If I had to describe Robert Altman in one word--and I wasn't allowed to use 'genius'--I'd have to go with 'ambitious.' He subverted genre films with works like McCabe & Mrs. Miller (Western) and The Long Goodbye (detective noir); put out blistering satires like M*A*S*H, The Player and Prêt-à-Porter; and wove cinematic tapestries with immense casts (Nashville, Short Cuts, Gosford Park). Choosing his most ambitious film is therefore redundant and generally depends on what criteria you're using, but you could make a strong argument for his 1977 ephemeral masterpiece 3 Women.
Altman thought up the film when he apparently had a dream that laid down the entire film for him, down to the casting. He woke up and wrote a script of it, and boom: say hello to 3 Women. As is befitting a film based on a dream, 3 Women is a rambling, indefinable journey, ethereal and haunting in its soft look and harsh feel. I couldn't possibly tell you what the film was trying to say overall, but then I don't think Altman could either.
Shelley Duvall, Sissy Spacek and Janice Rule play the titular women, and all start out in defined female archetypes before slowly becoming something else entirely. Duvall plays Millie, a physical therapist at a care center; at the start of the film, Pinky Rose (Spacek) gets a job at the same center and Millie shows her the ropes. Pinky immediately looks up to Millie, who breathlessly explains her hobbies and tastes: how she dresses according to the latest magazines, how she plans meals according to the preparation they require, etc. Hers is an endless prattle, so self-absorbed that she never notices that all the neighbors and co-workers she badgers pay no attention to her and even mock her behind her back.
Not Pinky, though. She becomes obsessed with Millie, following her around and eavesdropping on conversations. When Millie's roommate Deidre moves out, Pinky jumps at the chance to be her new flatmate in order to feed her idol-worship. At their complex, we meet the third woman of the story, Willie (Rule), a pregnant woman who drains the pool and paints disturbing murals on the sides and floor. She wades through the film sad and empty; her husband Edgar, the only prominent male of the story, flirts with Pinky and even comes to Millie's apartment while his wife is in labor, just to have a little fun.

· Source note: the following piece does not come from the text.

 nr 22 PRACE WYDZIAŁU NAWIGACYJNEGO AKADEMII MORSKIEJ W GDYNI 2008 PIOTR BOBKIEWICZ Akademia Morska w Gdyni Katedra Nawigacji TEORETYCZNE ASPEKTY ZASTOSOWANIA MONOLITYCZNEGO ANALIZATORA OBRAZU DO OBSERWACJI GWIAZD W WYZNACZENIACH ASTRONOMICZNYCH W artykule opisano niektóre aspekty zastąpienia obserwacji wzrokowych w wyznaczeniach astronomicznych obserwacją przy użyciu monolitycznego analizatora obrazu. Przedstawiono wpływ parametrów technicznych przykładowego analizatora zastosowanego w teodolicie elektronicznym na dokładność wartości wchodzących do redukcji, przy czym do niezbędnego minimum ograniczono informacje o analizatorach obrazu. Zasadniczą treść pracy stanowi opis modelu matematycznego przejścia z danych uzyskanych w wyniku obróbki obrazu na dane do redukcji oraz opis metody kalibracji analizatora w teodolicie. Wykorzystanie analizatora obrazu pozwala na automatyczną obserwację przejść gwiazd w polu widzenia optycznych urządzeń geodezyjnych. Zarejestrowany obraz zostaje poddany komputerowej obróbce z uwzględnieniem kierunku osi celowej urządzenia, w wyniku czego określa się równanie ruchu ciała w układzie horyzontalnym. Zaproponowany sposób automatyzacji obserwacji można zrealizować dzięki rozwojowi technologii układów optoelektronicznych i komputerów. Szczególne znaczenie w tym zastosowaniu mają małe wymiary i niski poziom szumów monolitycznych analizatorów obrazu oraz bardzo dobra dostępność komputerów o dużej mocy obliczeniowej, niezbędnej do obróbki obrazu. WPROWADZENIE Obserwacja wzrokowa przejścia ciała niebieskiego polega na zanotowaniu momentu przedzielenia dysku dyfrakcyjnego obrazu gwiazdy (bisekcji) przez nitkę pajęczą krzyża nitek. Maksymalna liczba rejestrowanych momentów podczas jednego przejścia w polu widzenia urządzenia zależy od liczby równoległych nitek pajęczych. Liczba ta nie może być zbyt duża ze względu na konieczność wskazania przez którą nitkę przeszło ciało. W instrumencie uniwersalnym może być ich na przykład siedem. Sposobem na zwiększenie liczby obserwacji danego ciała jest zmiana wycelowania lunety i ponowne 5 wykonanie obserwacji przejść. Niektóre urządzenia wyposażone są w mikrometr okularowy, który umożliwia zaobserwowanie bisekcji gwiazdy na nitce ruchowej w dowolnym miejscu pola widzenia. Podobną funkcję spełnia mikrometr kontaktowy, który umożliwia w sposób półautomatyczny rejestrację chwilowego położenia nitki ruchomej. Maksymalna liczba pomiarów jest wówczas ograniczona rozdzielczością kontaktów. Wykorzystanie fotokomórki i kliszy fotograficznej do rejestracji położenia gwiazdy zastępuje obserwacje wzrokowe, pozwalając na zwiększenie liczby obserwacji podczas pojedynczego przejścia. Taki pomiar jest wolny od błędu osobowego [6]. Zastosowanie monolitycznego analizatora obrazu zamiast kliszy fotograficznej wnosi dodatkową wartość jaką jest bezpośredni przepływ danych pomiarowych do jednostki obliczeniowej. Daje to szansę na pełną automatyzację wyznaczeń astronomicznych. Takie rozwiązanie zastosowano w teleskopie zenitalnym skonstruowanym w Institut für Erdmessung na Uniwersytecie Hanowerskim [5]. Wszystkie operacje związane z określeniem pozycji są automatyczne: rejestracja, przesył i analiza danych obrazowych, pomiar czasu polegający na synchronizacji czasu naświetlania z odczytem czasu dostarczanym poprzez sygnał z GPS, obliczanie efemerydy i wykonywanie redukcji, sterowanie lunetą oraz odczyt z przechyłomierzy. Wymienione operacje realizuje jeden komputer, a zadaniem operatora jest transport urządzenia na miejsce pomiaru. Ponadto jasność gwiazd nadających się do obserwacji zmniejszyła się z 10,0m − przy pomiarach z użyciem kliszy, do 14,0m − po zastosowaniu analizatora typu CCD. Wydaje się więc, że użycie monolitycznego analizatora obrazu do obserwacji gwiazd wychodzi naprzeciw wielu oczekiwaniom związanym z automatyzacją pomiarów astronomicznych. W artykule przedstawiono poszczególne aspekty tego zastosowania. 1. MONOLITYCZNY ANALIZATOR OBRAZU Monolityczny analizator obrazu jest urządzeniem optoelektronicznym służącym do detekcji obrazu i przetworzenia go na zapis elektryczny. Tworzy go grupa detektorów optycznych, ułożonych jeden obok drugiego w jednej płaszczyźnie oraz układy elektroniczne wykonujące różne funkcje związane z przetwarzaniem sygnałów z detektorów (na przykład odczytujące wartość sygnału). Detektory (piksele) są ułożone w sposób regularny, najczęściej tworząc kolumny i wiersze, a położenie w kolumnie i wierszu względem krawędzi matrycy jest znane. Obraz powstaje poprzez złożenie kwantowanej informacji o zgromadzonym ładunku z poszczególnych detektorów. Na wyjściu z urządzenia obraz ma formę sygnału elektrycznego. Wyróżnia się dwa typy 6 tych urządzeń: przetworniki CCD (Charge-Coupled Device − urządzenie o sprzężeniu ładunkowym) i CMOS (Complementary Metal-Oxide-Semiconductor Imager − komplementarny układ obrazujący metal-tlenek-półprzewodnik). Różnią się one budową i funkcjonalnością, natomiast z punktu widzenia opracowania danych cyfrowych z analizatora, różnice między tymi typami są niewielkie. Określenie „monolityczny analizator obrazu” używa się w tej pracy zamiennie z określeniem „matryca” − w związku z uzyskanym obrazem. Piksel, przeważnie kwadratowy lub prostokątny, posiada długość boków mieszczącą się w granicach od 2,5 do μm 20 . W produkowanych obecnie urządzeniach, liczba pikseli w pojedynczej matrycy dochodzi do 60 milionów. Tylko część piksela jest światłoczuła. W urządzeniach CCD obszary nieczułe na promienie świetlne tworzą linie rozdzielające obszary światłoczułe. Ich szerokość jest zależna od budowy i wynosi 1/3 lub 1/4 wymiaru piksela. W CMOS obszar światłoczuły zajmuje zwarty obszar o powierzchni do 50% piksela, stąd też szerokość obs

The first half of the film plays out with surprising realism, given the fact that it's come from a dream: at the very least it works as a portrait of the California desert, but we get some revealing character moments as Altman drifts over his subjects. We watch as Millie makes herself out to be the center of the world, only to be utterly ignored by everyone. She kind of deserves it, but my heart still broke when she sat between two doctors in the hospital next to the care center and prattled on and on, and kept going even though (or perhaps because) no one around her gave a damn.
Then something strange happens near the first hour-mark: Millie kicks Pinky out of her bed so she and Edgar can get down to it, and Pinky throws herself into the apartment pool in a rage, putting her into a coma. When she wakes up, she does not recognize her parents and insists that she is Millie. Here the dream aspect kicks in big time, as Altman moves through random shots and strange lighting that get thrown together in ways that cannot be explained. Quite right, if you ask me: any attempt to piece together and tell you a meaning or a message would have turned the film into cheap psychoanalysis.
I'm told the film parallels Ingmar Bergman's Persona, but I won't get my hands on that film until this Saturday, so I cannot say. Both apparently feature two female characters who in effect swap characters with each other: following her accident, Pinky dresses as Millie and even writes in Millie's diary. When Millie calls her Pinky, she blows a fuse. "My name is Mildred!" she shrieks. Edgar's wooing of Millie indirectly led to the suicide attempt, and at the end of the film suddenly Edgar moves on to Pinky.
What do these last sequences mean? Damned if I know. I'll have to go and buy myself a copy of the film and watch it several times to come up with anything. At the same time, I wonder if we're supposed to take anything from it at all. It's a dream. Frankly, everyone in this film deserves credit for even having the audacity to make it; that it turns out completely captivating and interesting only surprises me further. 3 Women easily belongs on the short list of Altman's work, and it's one of the best examples of the endless possibilities of film.